Celiachia in aumento e “nuovi” frumenti

Un’altra ragione del crescente interesse verso queste antiche varietà di cereali riguarda la celiachia, cioè l’intolleranza permanente al glutine. Come ricorda Letizia Saturni, specialista in Scienze dell’alimentazione dell’Università Politecnica delle Marche,
La celiachia è un’intolleranza che si manifesta in presenza di tre fattori: una base genetica, un fattore scatenante ambientale, cioè il glutine, e un’alterata permeabilità intestinale. Ciascun fattore, da solo, non porta a nulla, invece la presenza dei tre produce la celiachia”. Attualmente, in Italia, si stima ci sia un celiaco ogni 100 abitanti, vale a dire circa 5-600 mila persone, anche se quelli diagnosticati sono solo 60 mila. La diffusione di questo disturbo sembra essere in aumento e questo sia a causa della maggiore facilità di dignosi sia, probabilmente, all’aumento del contenuto proteico nei frumenti più usati oggi.
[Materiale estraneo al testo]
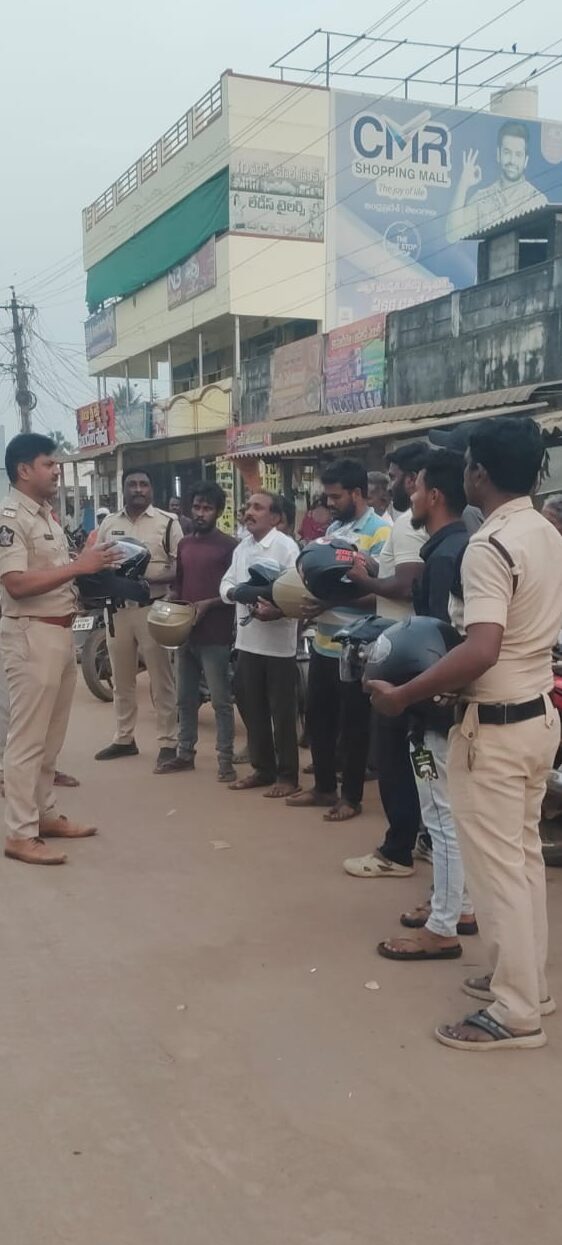 సాధారణంగా వాహన తనిఖీల సమయంలో హెల్మెట్ లేని వారికి పోలీసులు జరిమానా విధించడం పరిపాటి. కానీ ఒక అడుగు ముందుకేసి వినూత్నంగా ఆలోచిం చారు. కేవలం జరిమా నా విధించడం వల్ల వాహనదారుడి కి ఆర్థిక భారం తప్ప రక్షణ లభించదని భావించిన ఆయన, హెల్మెట్ లేకుండా ప్రయాణి స్తున్న 15మంది వాహనదారులకు అవగాహన కల్పించి, వారి క్షేమం కోసం అక్కడికక్కడే హెల్మెట్లు కొనుగోలు చేయించారు.అనంతరం వాహన దారులకు పలు కీలక సూచనలు చేశారు.

La questione è resa più complessa dal fatto che, in realtà, il glutine nel grano non c’è: ci sono varie molecole proteiche, alcune delle quali tossiche per il celiaco che, fondendosi insieme quando si aggiunge acqua, costituiscono il glutine. “I grani di una volta - conclude Saturni - avevano un certo tipo di proteine che, combinandosi tra loro, formavano un determinato tipo di glutine, completamente diverso da quello formato dagli attuali frumenti”. Già da tempo si ipotizza che l’aumento della celiachia, ma anche le tante difficoltà digestive dovute al consumo di frumento, siano legate a un miglioramento genetico che, finalizzato solo a esigenze di produttività, ha ristretto parecchio la varietà dei frumenti in circolazione offrendo un ventaglio limitato di semi verso il quale le popolazioni hanno manifestato una maggiore intolleranza.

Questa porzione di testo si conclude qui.